10. "Pretty Little Liars" (2010-2017)
"Pretty Little Liars" started strong with a mysterious plotline and an intriguing set of characters. However, as the series stretched over seven seasons, the plot twists became increasingly absurd, with the 'A' reveal being a particularly contentious point among fans. Despite the backlash, the series carried on for two more seasons, with a less than stellar Rotten Tomatoes score of 78% for the final season. Ashley Benson, who played Hanna, hinted in an interview that she was ready to move on from the series long before it concluded.

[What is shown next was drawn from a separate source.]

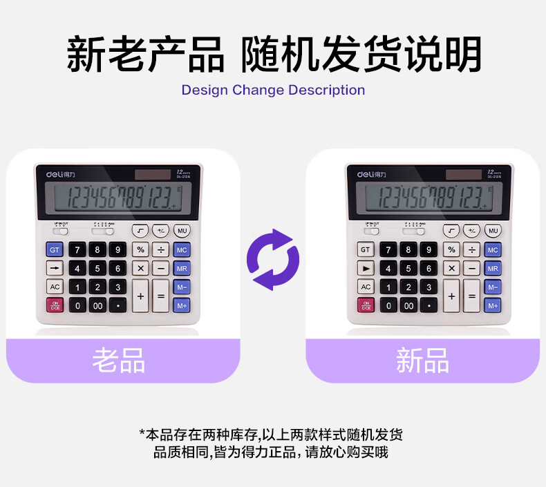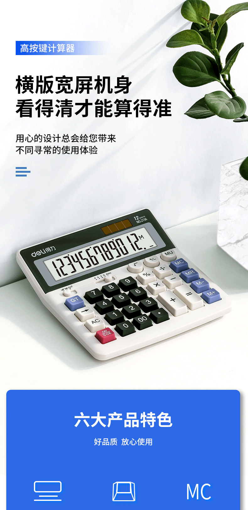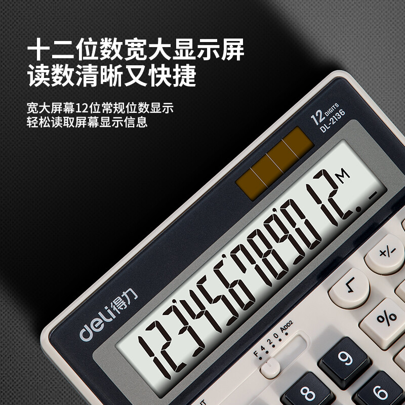 商品名称: 得力(deli)双电源电脑按键计算器 12位大屏横式桌面计算机 金融财务 办公用品 白色2136 新老混发 2136/件

11. "Supernatural" (2005-2020)
Originally intended to conclude after five seasons, "Supernatural" continued for a staggering 15 seasons. The brotherly bond between Sam and Dean Winchester was the heart of the show, but as the series progressed, it became bogged down by complicated lore and endless battles against increasingly powerful beings. Despite its dedicated fanbase, the show suffered a decline in viewership. Lead actors Jensen Ackles and Jared Padalecki openly discussed the difficulty of maintaining their passion for the series towards the end.
12. "Two and a Half Men" (2003-2015)
When Charlie Sheen exited "Two and a Half Men" in its eighth season, the show should have arguably exited with him. Despite Ashton Kutcher's entry as the billionaire Walden Schmidt, the series never quite regained its original charm. The comedy became increasingly far-fetched, leading to a drop in both viewership and ratings. The final season saw a dismal Rotten Tomatoes score of 33%, a far cry from its earlier high of 83%. Jon Cryer, who played Alan, admitted in an interview that the show's quality suffered following Sheen's departure.